投稿日:2017年10月03日

【札幌 弁護士コラム】さして成熟していない果実を刈り取ろうとすることの愚

10月に入って札幌はめっきり寒くなってまいりました。

特に私(荒木)のように自転車通勤をしていると、文字通り身に染みて季節の変化を感じます。

あとどれくらい自転車通勤できるのかと考えてしまいますね。

 

さて、ビジネスの世界でやってしまいがちなミスとして「刈り取るタイミングを間違える」ということがあります。

よく営業が嫌われるというのはこのミスを重ねてしまうことに由来しているのではないかと思います。

 

「刈り取る」とは簡単に言えば売り込むことです。

営業が売り込まないで何をするんだと思われるかもしれませんが、売り込みをするのは顧客が買ってくれる気になった一瞬のことであり、それまでの人間関係の構築やニーズの聴取をすることが本来の仕事ではないかと思います。

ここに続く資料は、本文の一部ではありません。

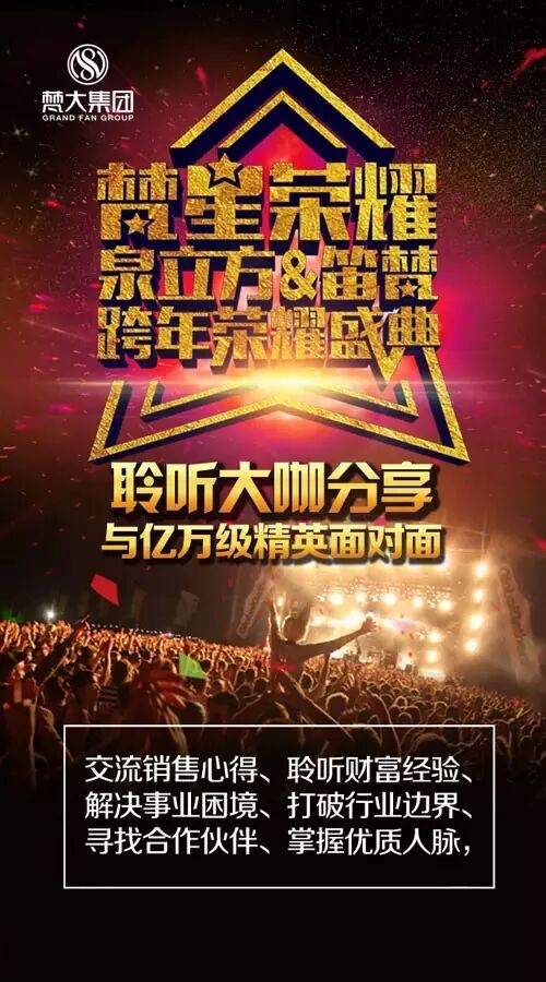 《梵星荣耀 • 泉立方&笛梵2016跨年荣耀盛典》即将在12月28日,于广州体育馆盛大开幕。这,不仅是一场前所未有的视觉盛宴,更是一场打开未来,通向无界的战略布局。身为每个梵大人,都应以能参加本次“梵星荣耀”盛典为骄傲与光荣,见证自己的辉煌,荣耀触手可及!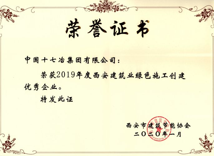 4月3日下午,中國十七冶集團(tuán)收到西安市建筑節(jié)能協(xié)會(huì)頒發(fā)的2019年度西安建筑業(yè)綠色施工創(chuàng)建優(yōu)秀企業(yè)獎(jiǎng)證書。
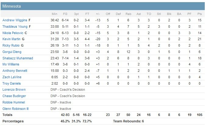 À noter qu’incertain avant le match, Jeff Teague (cheville) termine à 12 points et 7 passes en 32 minutes. Ricky Rubio a connu de son côté une soirée difficile avec 8 points à 3/11 et 5 passes en 26 minutes de jeu.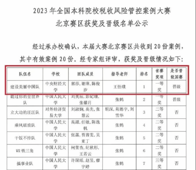 在2023年全国本科院校税收风险管控案例大赛北京赛区比赛中,我院税务专硕的郭莎、谢萍和陈俊汐同学组成的“建设美丽中国队”作品《农副食品加工行业税收风险案例分析报告》在我院王怡璞老师的指导下,荣获北京赛区一等奖第一名,并顺利晋级全国总决赛。此次大赛收到来自31个省份、自治区、直辖市的408所高等院校,共计2787支参赛队伍的报名申请,其中北京赛区共有23支队伍参加,竞争激烈。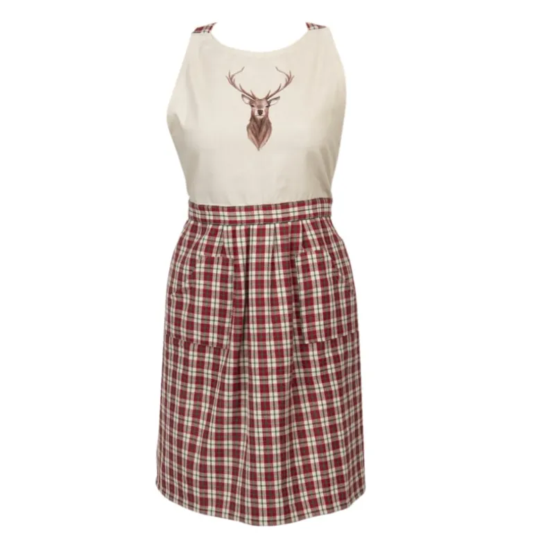 Een effen beige stof met een print van een rendier met gewei en een landelijke geruite stof. Sommige artikelen van deze serie zijn afgewerkt met een mooie band, ook met een print vaneen rendier met gewei.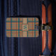 A soft raw umber base is crisscrossed by bands of port wine red, bright autumn orange, and rich jungle green in this pleasant plaid that combines trendy colours in a classic and cosy pattern perfect for fall. Customise this luggage tag with your initial on the front and details on the back to make finding your luggage easier when you travel.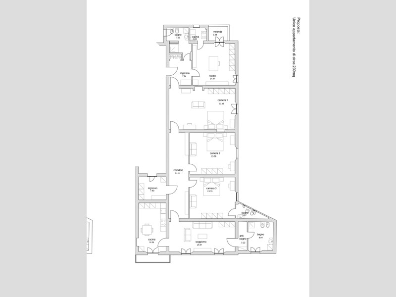 ingresso, soggiorno (24.61 mq) ampio e luminoso, cucina abitabile (16.56 mq) spaziosa e conviviale, veranda, 3 camere da letto (23.33 mq, 23.38 mq, 33.45 mq), studio/camera (21.97 mq) perfetto per lavoro, hobby o quarta camera da letto e 3 bagni (9,04 mq, 7.03 mq, 3.57 mq) più antibagno.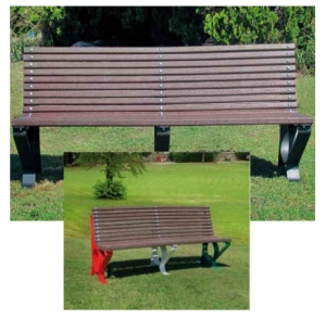 Panchina Milano con schienale Seduta rinforzata di lunghezza 1800mm Congambe in acciaio zincato e verniciato. Realizzata con profili di sezioni variabili in plastica proveniente da raccolta differenziata (certificata PSV da IIP) Ferramenta generale in acciaio inox. Ancoraggio al terreno oppure al pavimento.
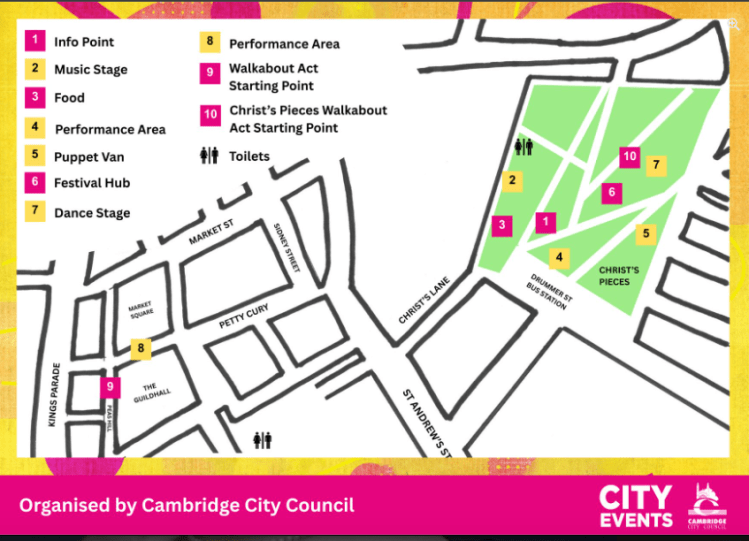 I think that’s where Cambridge City Council struggled with trying to identify a suitable lower-cost alternative to the Big Weekend, which I hope the new unitary council will be able to bring back. The Big Weekend was very specifically a big free summer weekender on Parker’s Piece in the city centre that not only celebrated the summer but also provided spots for local musical, performing arts, and artistic talents to showcase their works, with a headline act being the ‘attention-grabber’.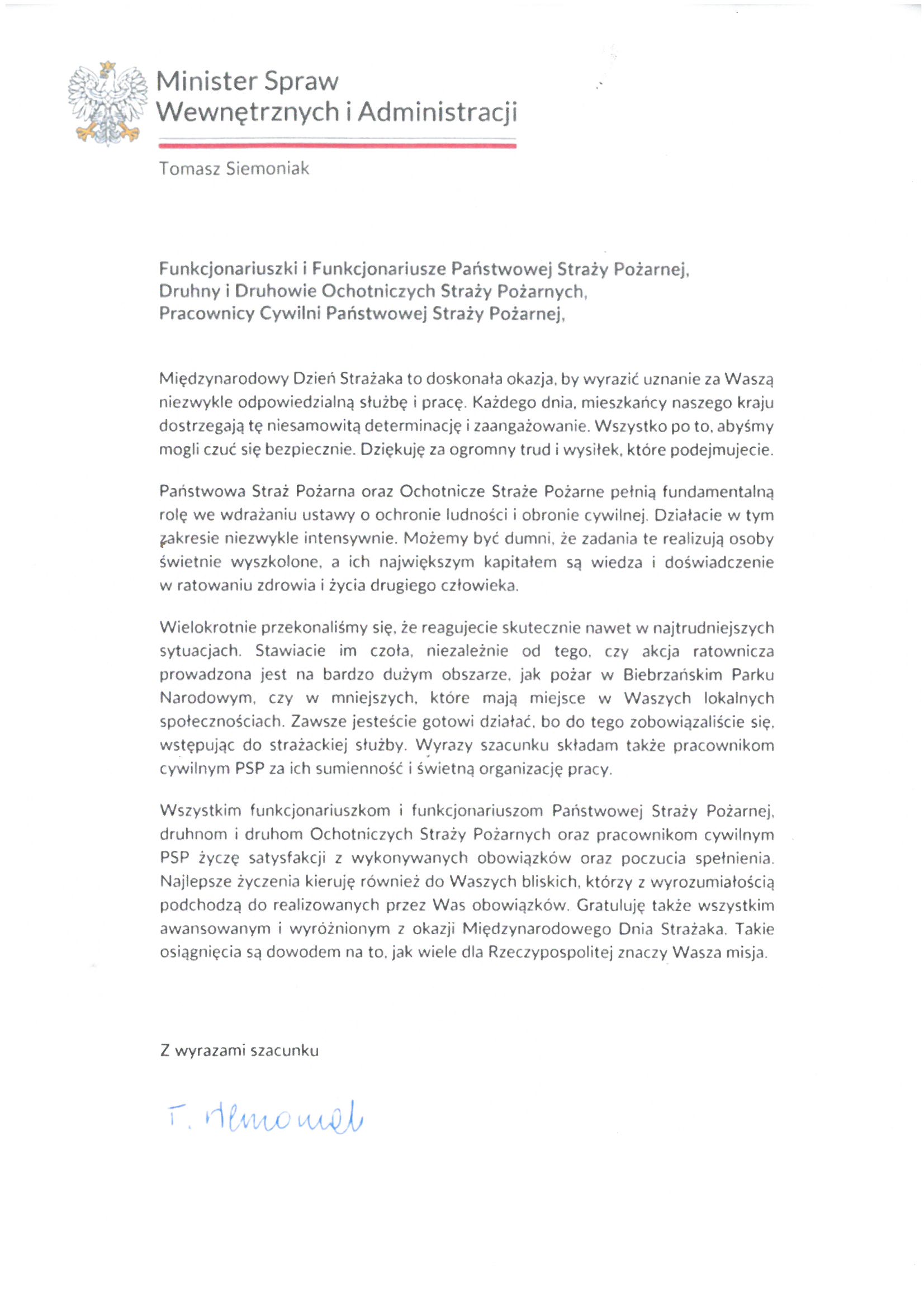 Wszystkim funkcjonariuszkom i funkcjonariuszom Państwowej Straży Pożarnej, druhnom i druhom Ochotniczych Straży Pożarnych oraz pracownikom cywilnym PSP życzę satysfakcji z wykonywanych obowiązków oraz poczucia spełnienia. Najlepsze życzenia kieruję również do Waszych bliskich, którzy z wyrozumiałością podchodzą do realizowanych przez Was obowiązków. Gratuluję także wszystkim awansowanym i wyróżnionym z okazji Międzynarodowego Dnia Strażaka. Takie osiągnięcia są dowodem na to, jak wiele dla Rzeczypospolitej znaczy Wasza misja.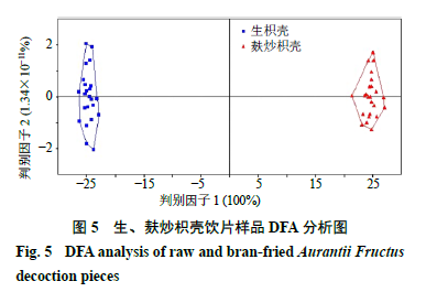 2.6.3 判別因子分析(discriminant factor analysis,DFA) DFA是在主成分分析的基礎(chǔ)上,根據(jù)某些準則建立判別函數(shù),將不同組別樣本的差異擴大,使同類樣本間差異縮小的一種具有判別分類功能的數(shù)據(jù)模型,可以用來識別和分類未知樣本[11,17]。對生、麩炒枳殼樣品的超快速氣相電子鼻數(shù)據(jù)進行判別因子分析,結(jié)果如圖5所示,橫、縱坐標分別表示DFA轉(zhuǎn)換得到的第1區(qū)分指數(shù)(DF1)和第2區(qū)分指數(shù)(DF2)。圖中DF1的區(qū)分指數(shù)為100%,說明DFA分析法能夠更好地從氣味角度區(qū)分生、麩炒枳殼樣品,且二者距離較遠,氣味明顯改變,差異較大,這也符合實際感官描述。表明氣相電子鼻可以快速鑒別生、麩炒枳殼飲片,進一步驗證了PCA的分析結(jié)果。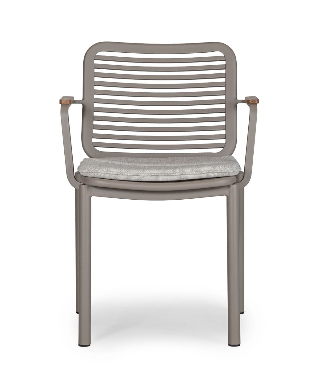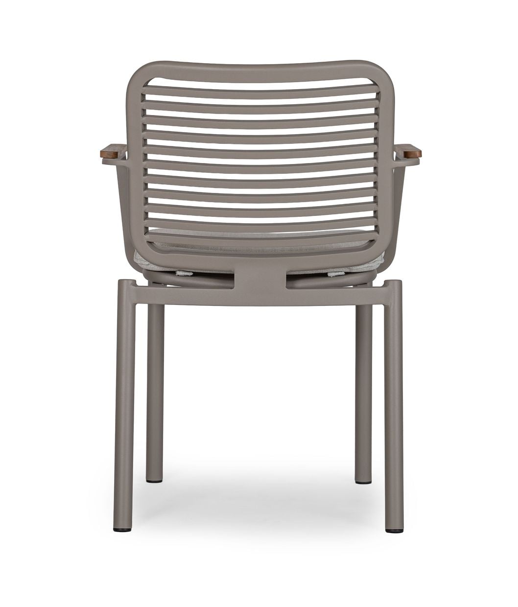 Stolen är tillverkad i slitstark aluminium och lackerad i vår egenutvecklade kulör nordisk beige – en varm och harmonisk ton som enkelt matchar andra möbler och skapar en enhetlig helhet. Armstöden är försedda med detaljer i teak som tillför en naturlig känsla och en exklusiv finish.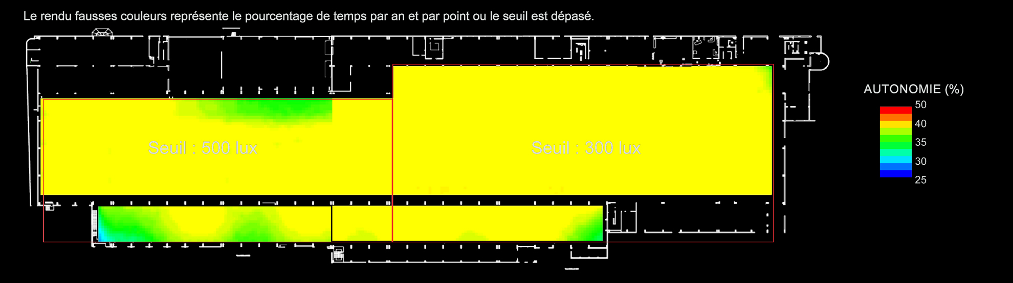 Dans certains cas, des calculs en autonomie en lumière du jour peuvent être réalisés afin de justifier ou non une régulation en fonction de l’éclairage naturel.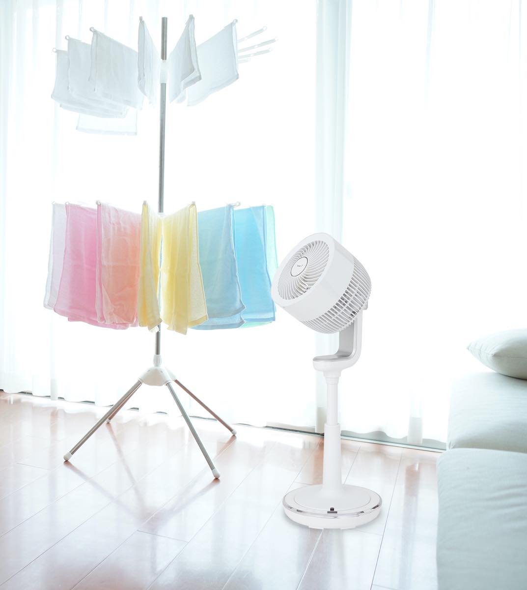 今年は、全国的に例年より少し早い梅雨入りになりそうですが、このシーズンの困りごとといえば洗濯物ですよね。部屋干しだと乾きにくく、イヤ~な“生乾き臭”が発生してしまいがちです。そんなときに活躍するのがサーキュレーター。しかもユアサプライムスの「スタンドタイプ消臭DC サーキュレーター」(1万4080円)なら、マイナスイオンを風と共に吹き付ける「消臭機能付き」で、除菌や脱臭しながら洗濯物を快適に乾かしてくれますよ。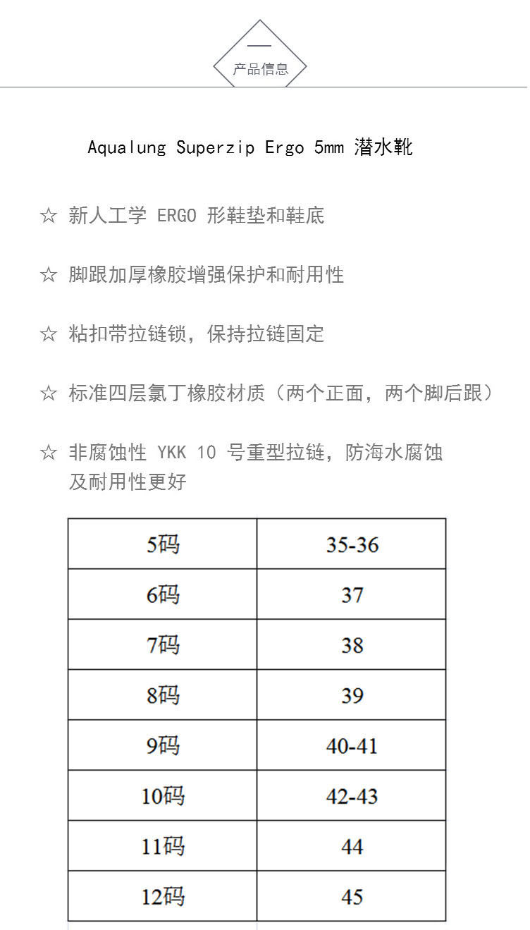 Aqualung Superzip ergo 5mm 娼滄 闈 娣辨 祬娴 祬娴 コ 娆惧 帤搴 曢 槻婊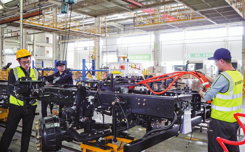 新能源車是近年來出口的一大亮點(diǎn)。在程力集團(tuán)新能源車廠看到,工人們正在裝配一批18噸新能源專用車底盤。今年,該公司已經(jīng)接到新能源車訂單300余臺(tái)。劉峰表示,新能源車的市場空間很大,目前還有一批新能源車訂單在談,將來會(huì)成為外貿(mào)出口的一支重要力量。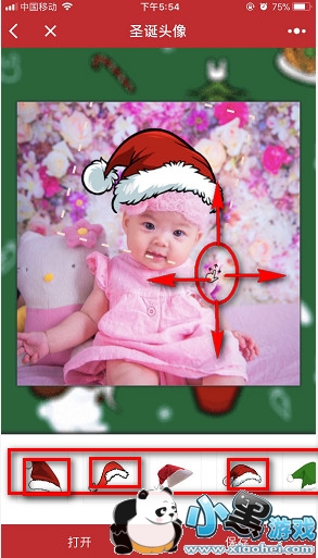 选择一个圣诞帽子的款式,目前有13款不同样式的圣诞帽子。但是只有红色和绿色两种款式,选中其中一款即可。选中圣诞帽子款式之后,你的头像上面就会出现一个很小的圣诞帽子,你可以看到帽子右下角有个如下图所示的手指和方向键组合的图标,这个就是控制帽子大小和位置的关键。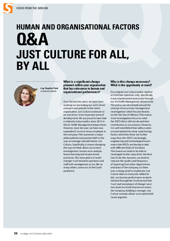 Human and organisational factors Q&A: Just culture for all, by all (HS34)

人間関係としての信頼関係を構築し、そのうえでいかなるニーズが存在するのかを明らかに受け止め、最終的な提案につなげていくのが理想の形です。

 

しかし、これがきちんとできている人はそう多くないように思います。

私も保険だのウェブサイトだの投資商品だの色々と営業を受けてきましたが、大半の場合は「あぁ、来るんじゃなかった。」とか「あぁ、聞くんじゃなかった。」と思うことばかりでした。

挙句、「〇〇さんの紹介で来ました。」とアポなしで事務所のチャイムを鳴らしてくる人まで出てくる始末です。

こんなことをしていては紹介した方のレピュテーションまで一緒に下げてしまうだけです。

 

このような根本的な原因は、心を相手のほうに向けることなく、自分のところに置いたままで話を進めようとすることにあります。

心を相手のほうに置こうと思えばそんなに性急なことはできず、関係性を熟成させる期間が必要であるはずです。

言ってみれば「青柿を棒で叩き落す」のか「熟した柿が落ちてくるのを待つのか」の違いのようなものです。

考えてみれば自明のことではありますが、「熟した柿が落ちてくるのを待つ」ビジネスを心がけたいものです。